And in what way is it failing?

kolmai · August 30, 2017, 8:18pm

Thanks for the fast response!
I think my data is able to reach ES however that's not the case with Kibana.
For example, when I try to omit the aforementioned elements (“imports”: {“data”: [“data”]}
& “sections”: [ [ ] ]) my data is able to reach kibana successfully and I can create the index for it.

magnusbaeck · August 30, 2017, 8:33pm

I don't see why Kibana would have any issues with such a document.
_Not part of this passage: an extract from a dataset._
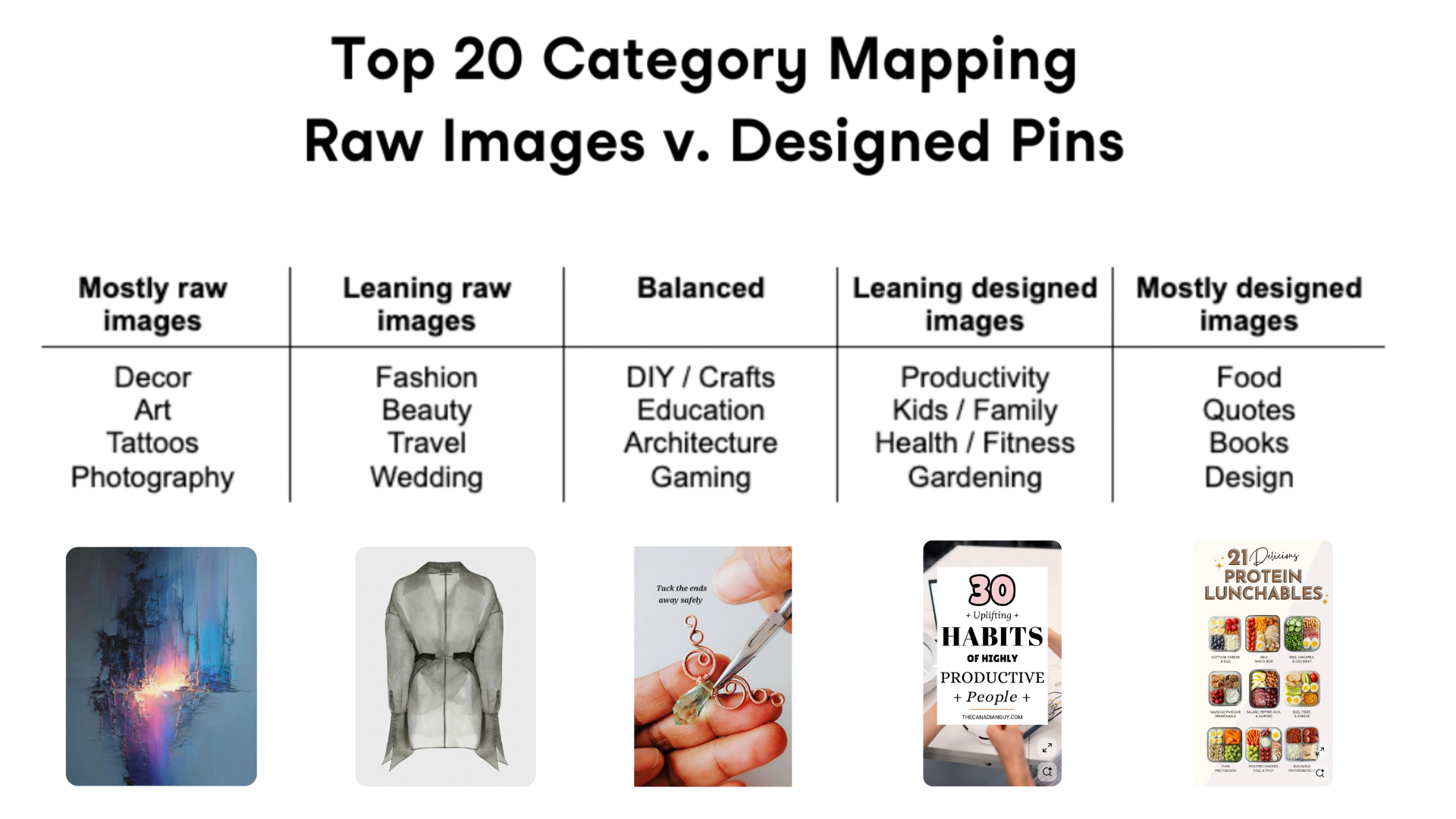 Tailwind mapped both raw and designed Pins across 20 categories of various interests, such as art and fashion, to identify which Pin aesthetic the most viral Pins represented in each category. The findings revealed that specific categories favored more raw images, while others preferred more designed Pins. Overall, the mix differed dramatically across all categories.

Have you verified that the document is stored in ES? Use the ES APIs, not Kibana.

kolmai · August 30, 2017, 8:51pm

I just used the API to find my document and it seems that i'm getting 0 hits.
So, I guess that sort of JSONs aren't getting into ES in the first place.
What would you recommend to do in this case?

magnusbaeck · August 30, 2017, 8:57pm

Is Logstash getting the event in the first place? Replace the elasticsearch output with a stdout { codec => rubydebug } output to find out. Have you looked in the Logstash log for clues?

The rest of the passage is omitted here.